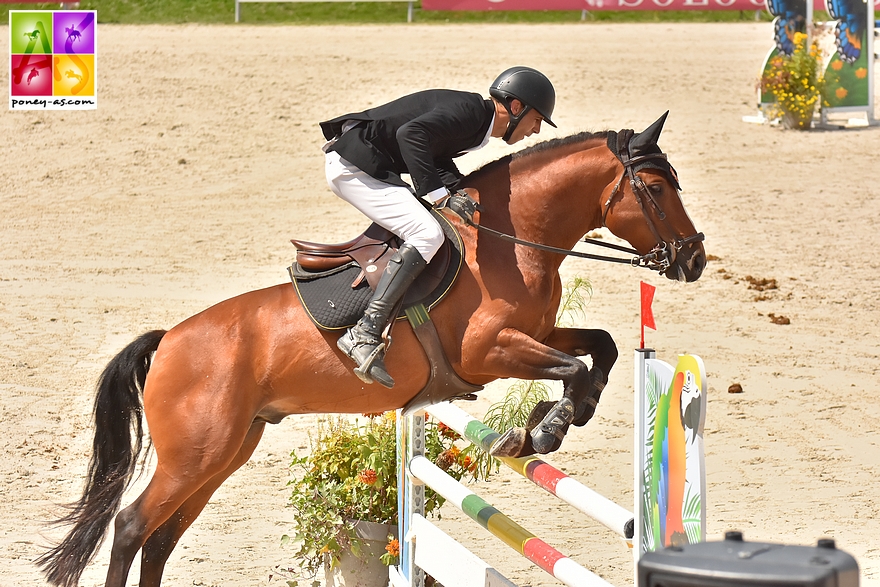 La généreuse et respectueuse Benzemma Lacour (Pfs, par Movie Star Tilia et Ululu de la Serre, par Lejano, Holst), née chez Françoise Girardot dans le 39, est 3e avec Romain Girardot. Là encore, un couple poney / cavalier / naisseur de la même famille ! Elle fut cette saison 7 fois sans-faute sur 9 tours de Cycle Classique (1,5 point de bonification) et a été pénalisée sur cette finale d’1 point de pénalité de temps sur chacun de ses tours. Excellent à 4 ans, puis Elite à 5 (IPO 134/16), la voici de nouveau gratifiée de la plus belle des mentions. Benzemma, très « cheval » au modèle, est le seul produit d’Ululu de la Serre (ISO 117/15), une petite fille d’Airborne Montecillo sur une souche Anglo.
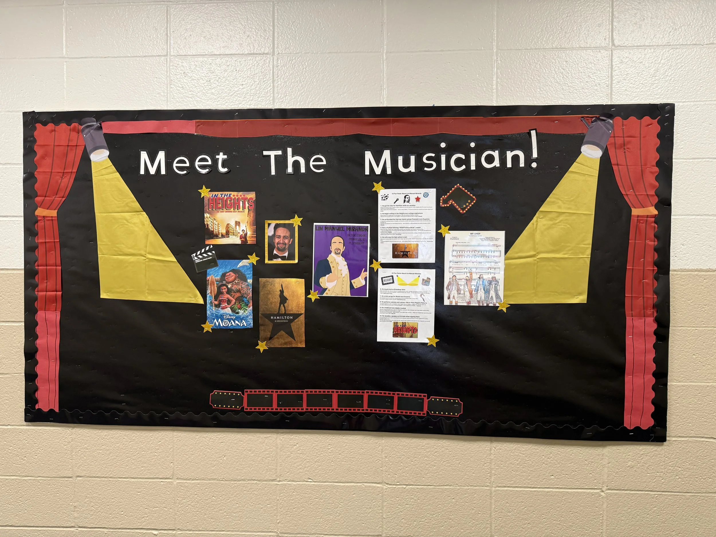 My daughter Mikayla set up the board, added “Ten Fun Facts,” and decorated it with sheet music from My Shot. She’s a huge Hamilton and Moana fan—I’m partial to In The Heights!
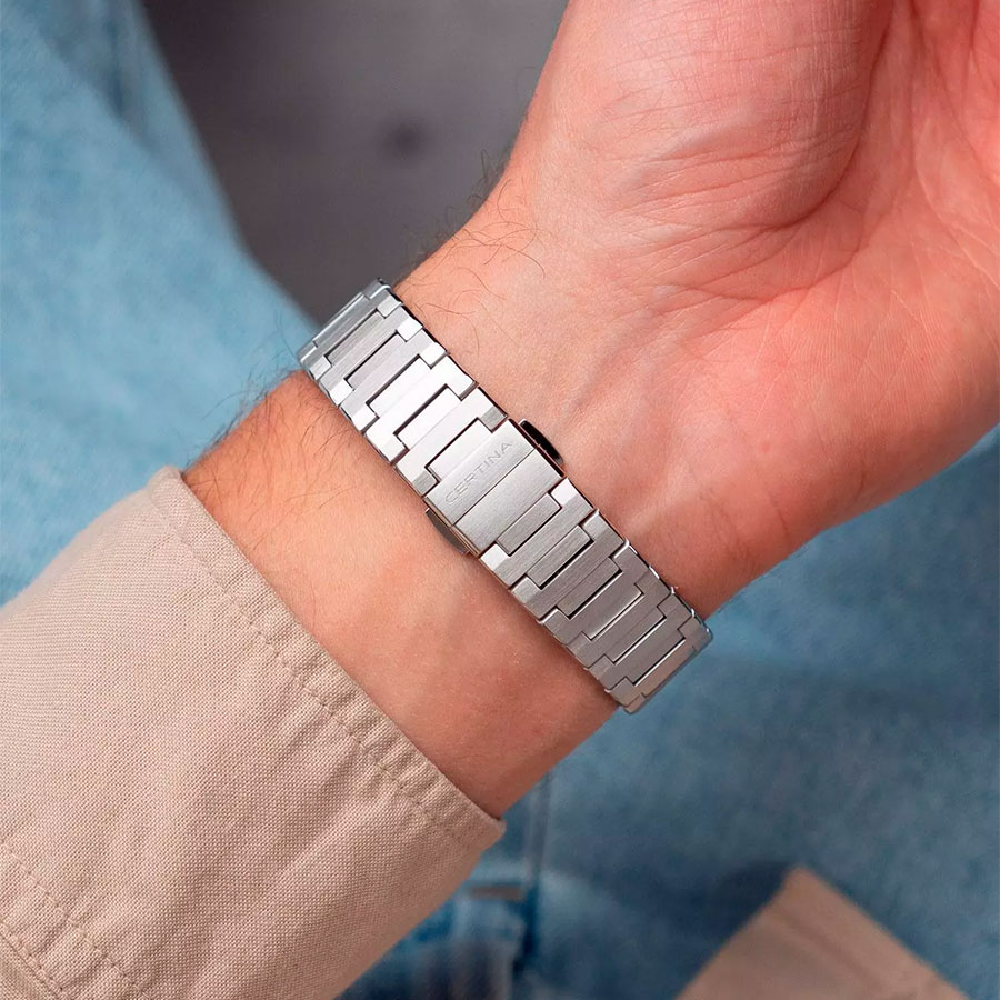 Мужские часы Certina DS-7 C043.410.11.091.00 — современная интерпретация швейцарской точности в стильном исполнении. Модель сочетает надёжность, минимализм и премиальные материалы, подчёркивая уверенный характер владельца.
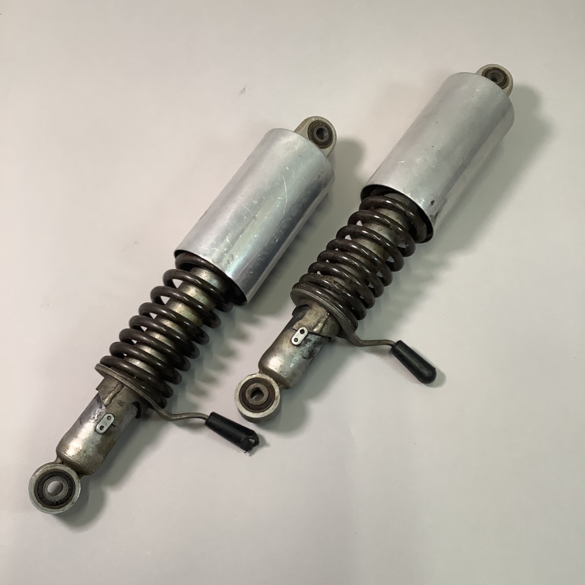 These shocks are good consmetic but will need to be rebuilt if to be used on the road, they are perfectly serviceable. Other than that the springs are in good shape and they dont have any major damages to the mounting mounting. The covers are also in good condition with the typical wear and tear for their age.
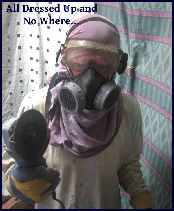 Next, I used a grinder with a cutting blade to cut the top off the old tank. This was a messy job, with sparks flying everywhere. I draped the entire area with old sheets and tarps, wore a respirator, eye protection, and enough clothing to avoid most of the burns. Once the top was cut off, I climbed inside the tank and cut the old baffles out – another messy, unpleasant job. Once I crawled back out of the tank and confirmed that I still had my nose and all ten fingers, I cleaned up the mess and hauled all the debris ashore.
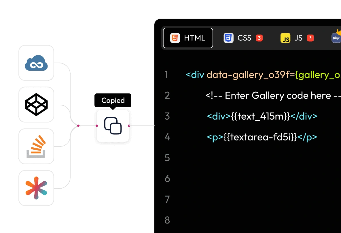 Turn Snippets into Editable WidgetsCopy any code snippet from CodePen, CSS Tricks, or JSFiddle and turn it into a visual, editable Elementor widget in minutes.
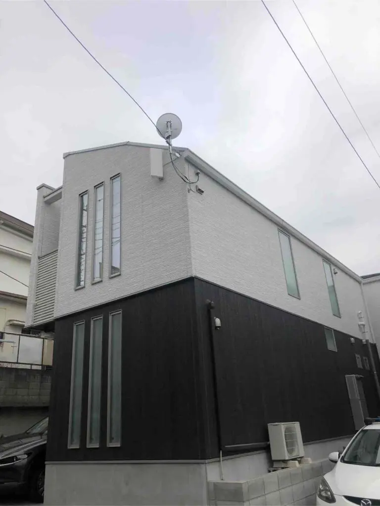1,2階のツートンカラーがオシャレな佇まいにデザインアンテナとBS/CSアンテナを使用しました。地デジと衛星放送の視聴環境が整い幅広いジャンルのテレビ番組をお楽しみいただけます。

--- The task ---
Write out exactly the lines from the one containing "Next, I used" to the last line of the records above, both included, and leave out any pictures.

--- Expected answer ---
 Next, I used a grinder with a cutting blade to cut the top off the old tank. This was a messy job, with sparks flying everywhere. I draped the entire area with old sheets and tarps, wore a respirator, eye protection, and enough clothing to avoid most of the burns. Once the top was cut off, I climbed inside the tank and cut the old baffles out – another messy, unpleasant job. Once I crawled back out of the tank and confirmed that I still had my nose and all ten fingers, I cleaned up the mess and hauled all the debris ashore.
 Turn Snippets into Editable WidgetsCopy any code snippet from CodePen, CSS Tricks, or JSFiddle and turn it into a visual, editable Elementor widget in minutes.
1,2階のツートンカラーがオシャレな佇まいにデザインアンテナとBS/CSアンテナを使用しました。地デジと衛星放送の視聴環境が整い幅広いジャンルのテレビ番組をお楽しみいただけます。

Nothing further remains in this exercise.